Ora, há um esforço por parte das marcas para que as estratégias de marketing induzam em erro?

“Não diria tanto esforço porque está tudo exposto no rótulo. Mas aproveitam alguma falta de alfabetização para impingirem algumas coisas que lhes convém”, explica. É neste sentido, que Iara referiu a importância da rotulagem na educação. Embora reconheça que há, no entanto, um avanço, também relembrou que a maioria dos pais, que não tiveram a mesma oportunidade nos seus tempos de escolaridade, continuam a ser os consumidores diretos.

Afinal, o que é comer bem?

É uma pergunta que tem muito que se lhe diga e Iara demonstrou-o, mas também soube resumir numa só frase. “Tentar ser o mais variado possível e pelo menos 80% serem alimentos naturais”.

Apesar de reconhecer que com o orçamento a esticar e a falta de tempo, é quase impossível não se recorrerem a produtos processados, reforça que mesmo esses distinguem-se uns dos outros pelo tipo de ingredientes que têm.

“Implica alguma atenção mas em tudo tem de haver um equilíbrio e isso já fica muito da responsabilidade da pessoa. Há dias em que devem haver excepções nem que seja para a saúde mental”, disse, completando que “comer bem passa por manusear o alimento”.

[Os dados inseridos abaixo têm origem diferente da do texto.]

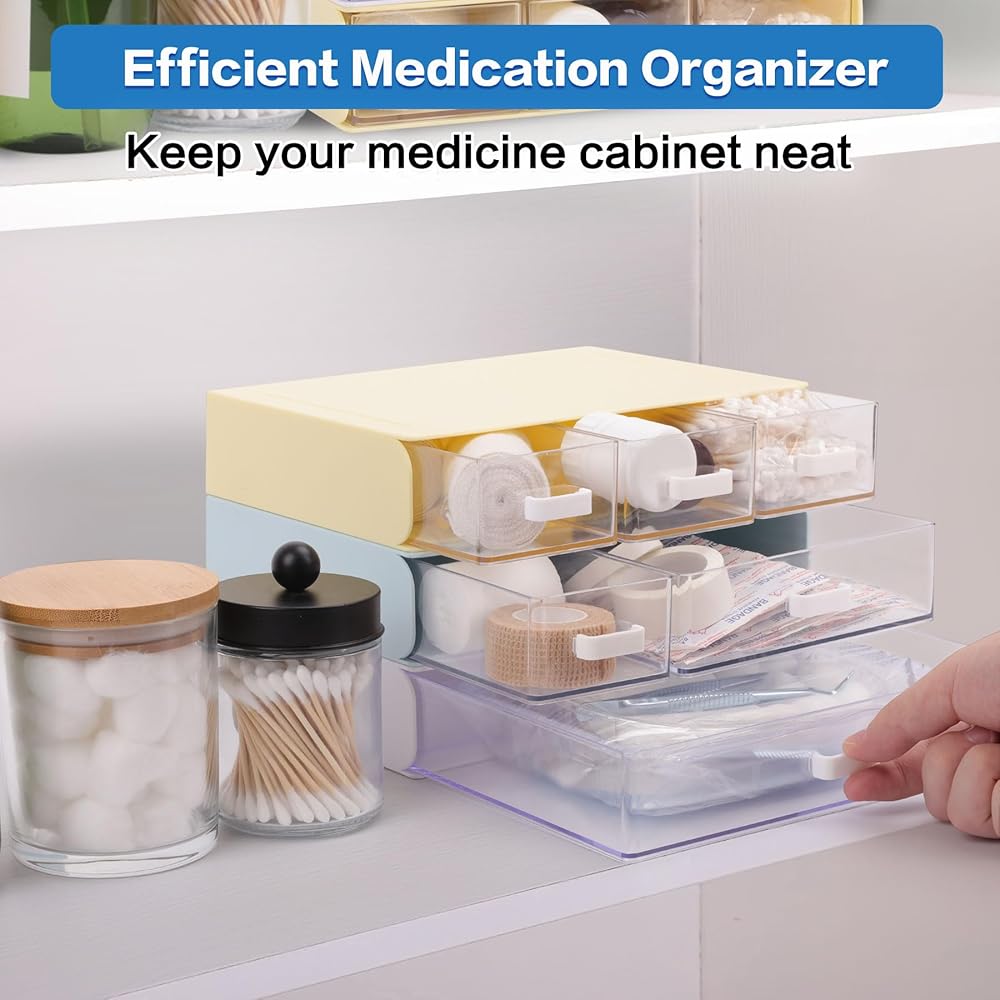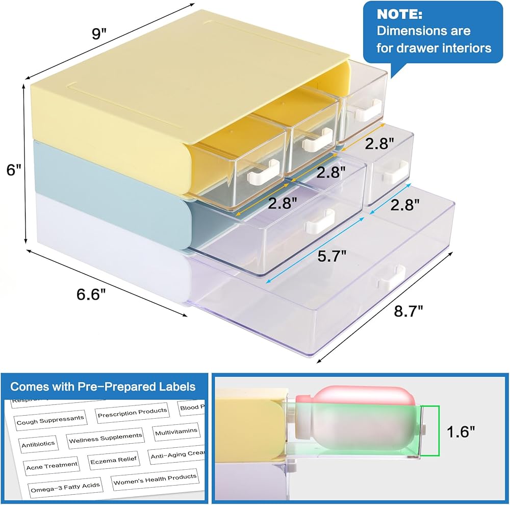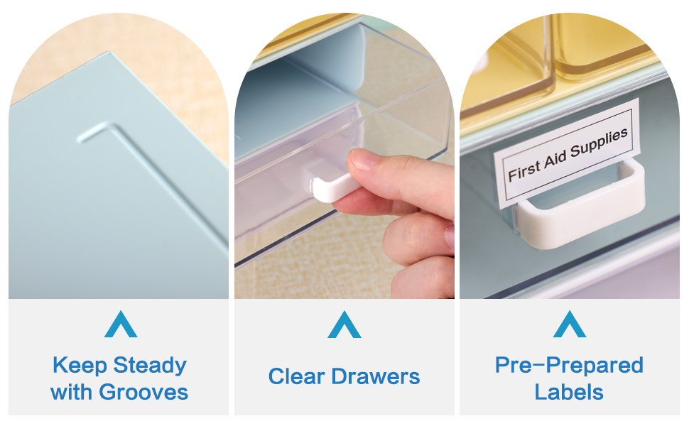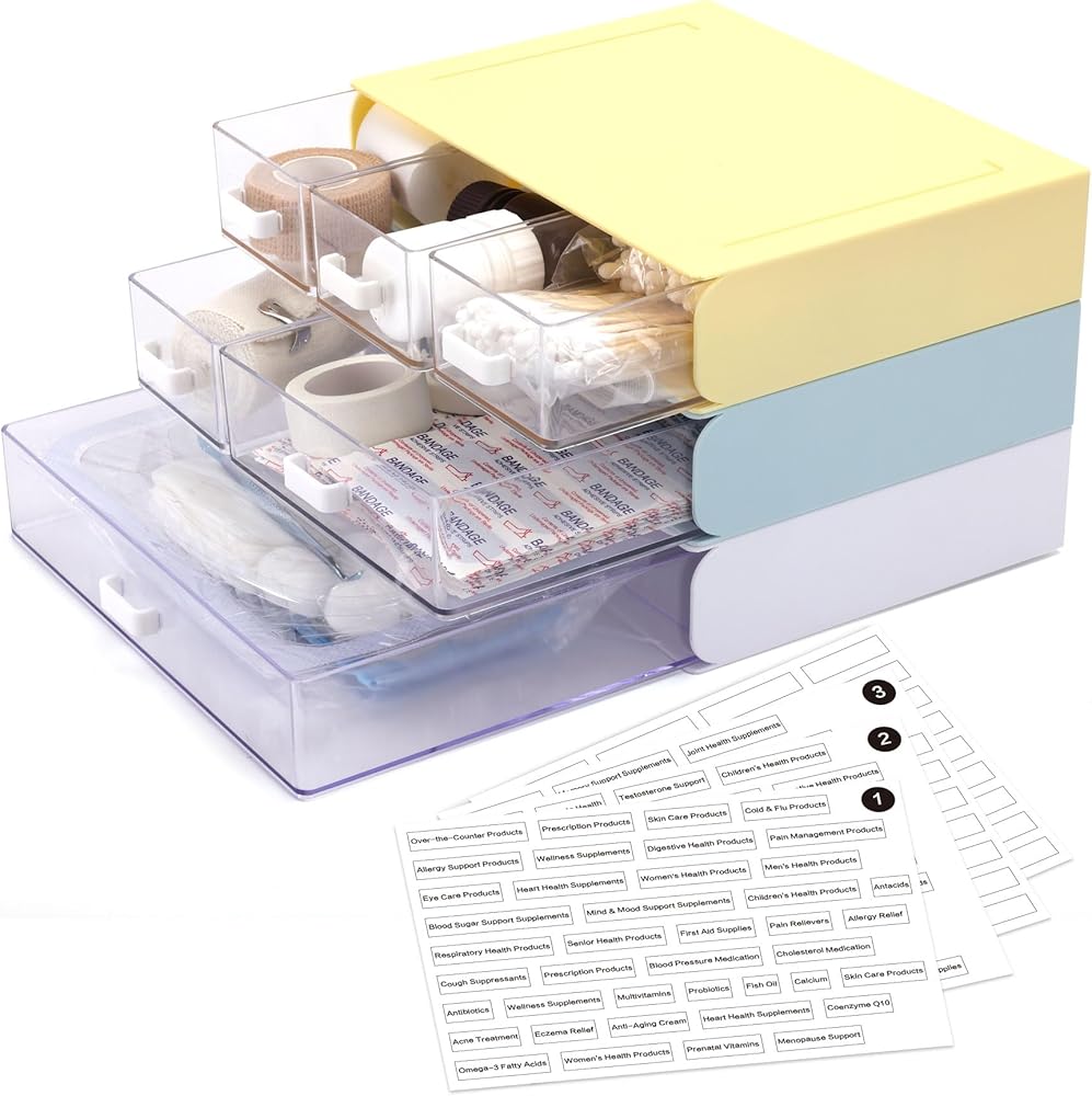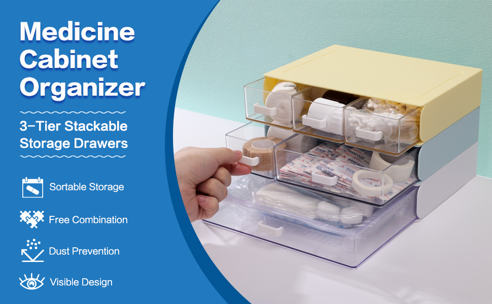 【Efficient Medication Organizer】Efficiently sort your first aid supplies and daily medications with this stackable 3-tier storage drawers. The clear, labeled drawers make finding what you need quick and easy. The stackable and modular design makes optimal use of your space in your medicine cabinet. The top and bottom interlocking grooves ensure stable stacking, preventing easy toppling.

Neste ponto a conversa escapou para as dietas e Iara Rodrigues deixou claro que comer de forma saudável é algo que tem de ser sustentado no tempo, embora as pessoas continuem a associar alimentação saudável a dieta e, por isso, só cuidem temporariamente do que consomem.

Mas a nutricionista deixou sempre o enfâse no meio termo. “Ser saudável também não é ser extremista. É substituir o pão branco por pão integral ou pão com cereais de melhor qualidade. Tudo faz falta ao nosso corpo. No entanto, podemos validar a qualidade e quantificar melhor as doses. É isso que vai fazer a diferença, não é ser-se radical”, rematou.

Por isso, a bola fica do seu lado e acabaram-se os telhados de vidro. Da próxima vez que for ao supermercado já sabe: faça valer-se da ‘cábula’ facultada pela DGS ou fique atento à lista de componentes nos produtos, que deve dar primazia aos ingredientes naturais.